(Data excerpts)
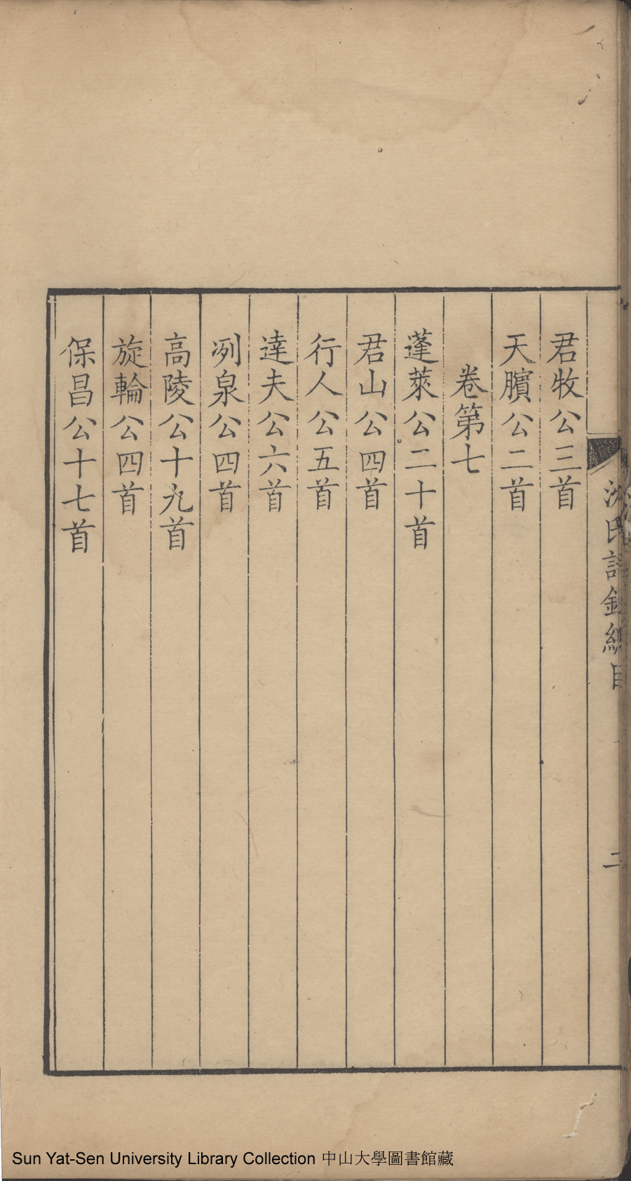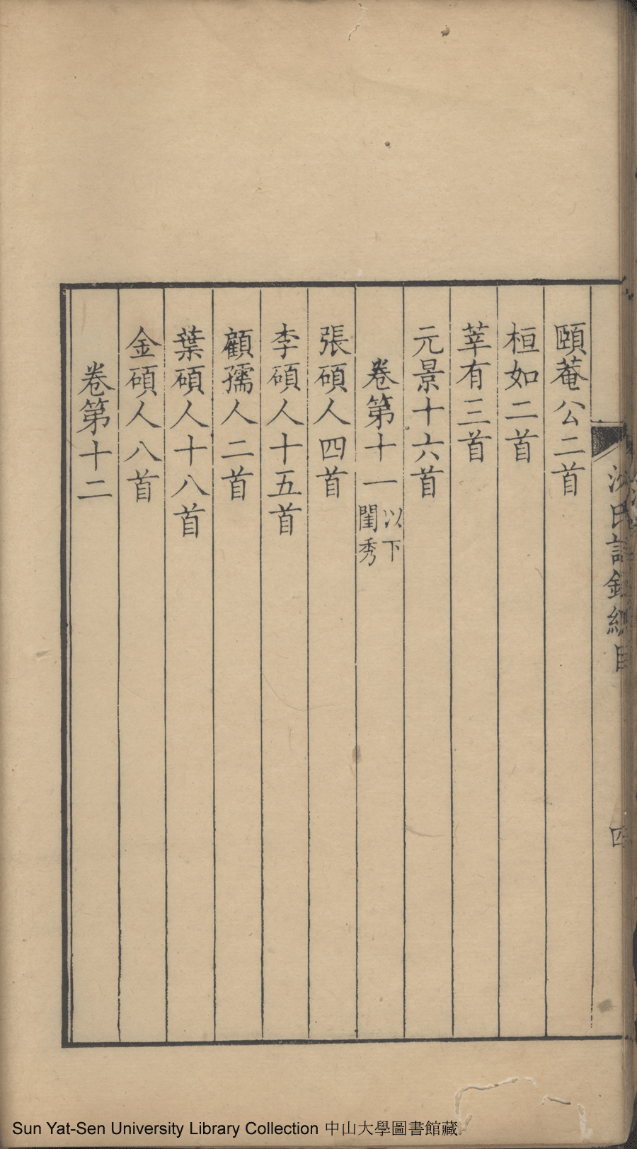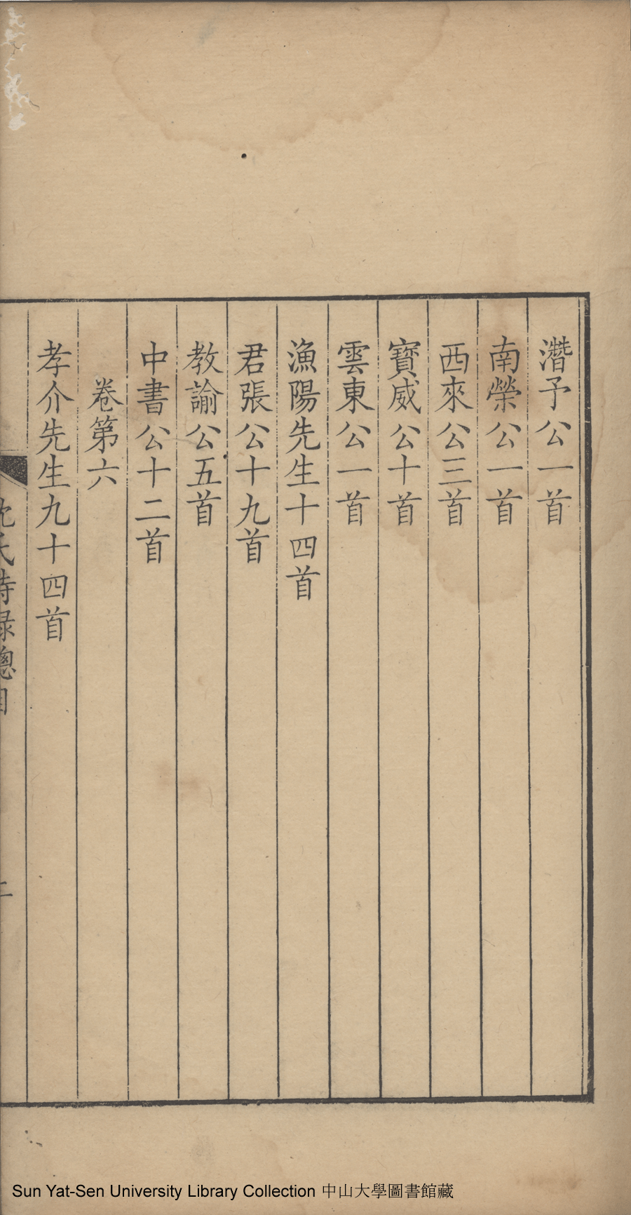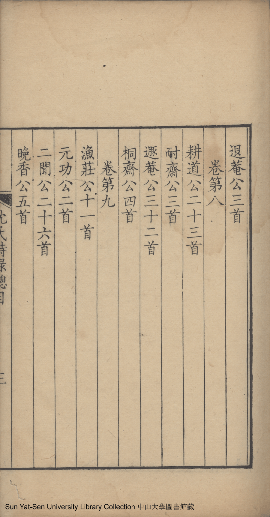吳江沈氏詩集:十二卷(清沈祖禹輯) Wujiang Shen shi shi ji: 12 juan (by Shen Zuyu, Qing dynasty , pp. 總目1a,總目1b,總目2a,總目2b,總目3a,總目3b,總目4a,總目4b,總目5a,總目5b.
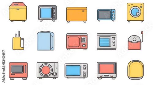 Set of Multicolored Icons Representing Various Types of Home Appliances
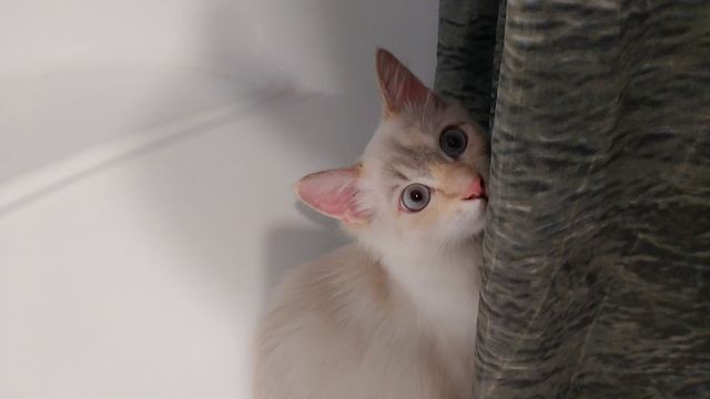 Балинезийский, голубоглазый котёнок ? Стешка забрался в ванную
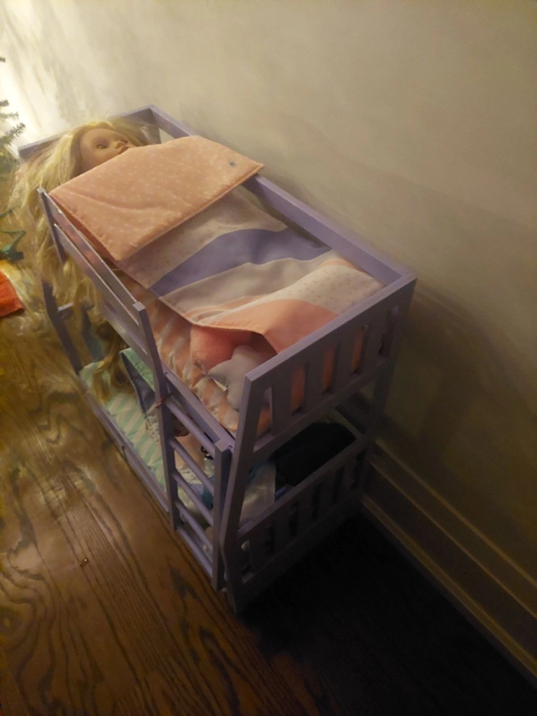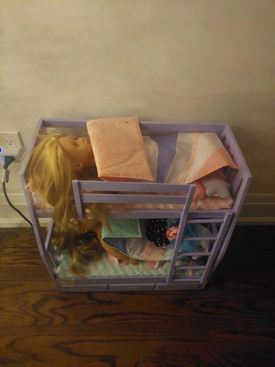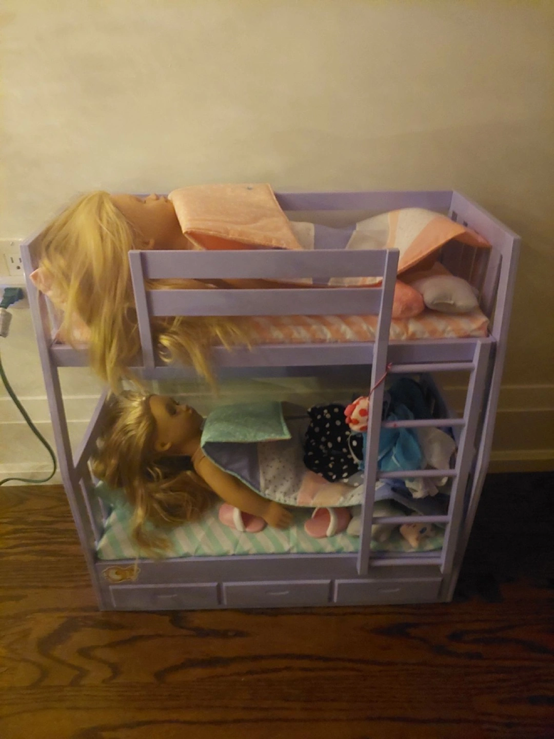 Lavender bunk bed for dolls. Includes bedding and pillows. Suitable for 18-inch dolls. Good used condition.American Girl dolls
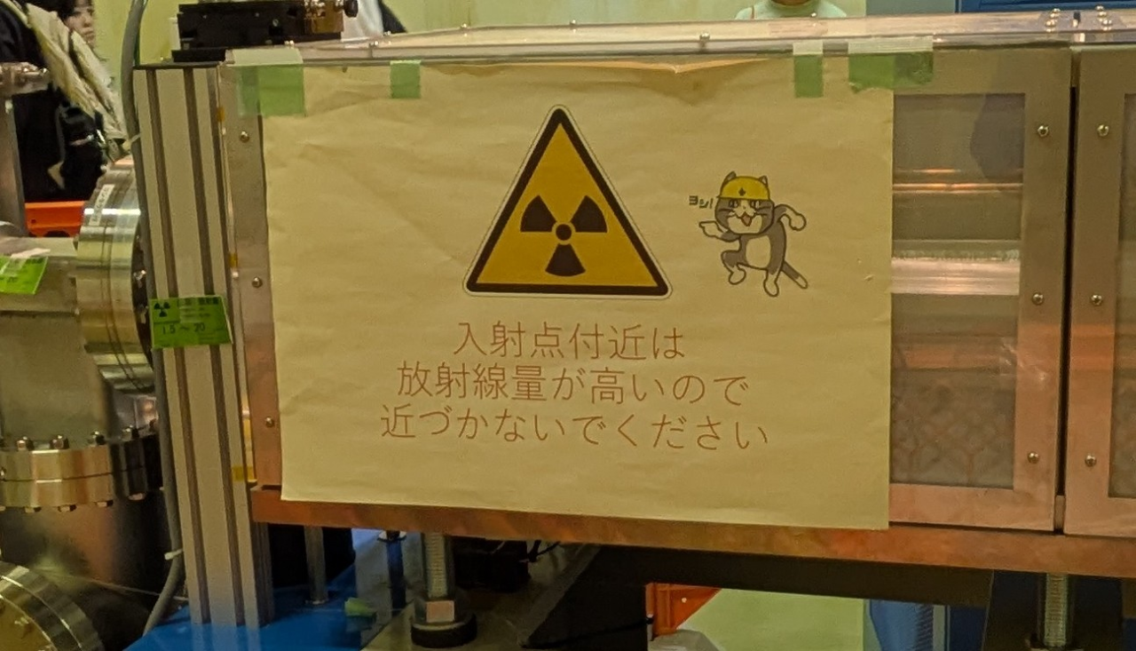 この写真がその張り紙。「入射点付近は放射線量が高いので近づかないでください」という注意書きとともに、放射線マークとヨシのポーズの現場猫が描かれていた。

▸ PROMPT
With the pictures omitted, copy the entries above exactly from the line containing "Балинезийский, голубоглазый котёнок" through the line containing "Lavender bunk bed", both lines included.

▸ SOLUTION TO THIS TASK
 Балинезийский, голубоглазый котёнок ? Стешка забрался в ванную
 Lavender bunk bed for dolls. Includes bedding and pillows. Suitable for 18-inch dolls. Good used condition.American Girl dolls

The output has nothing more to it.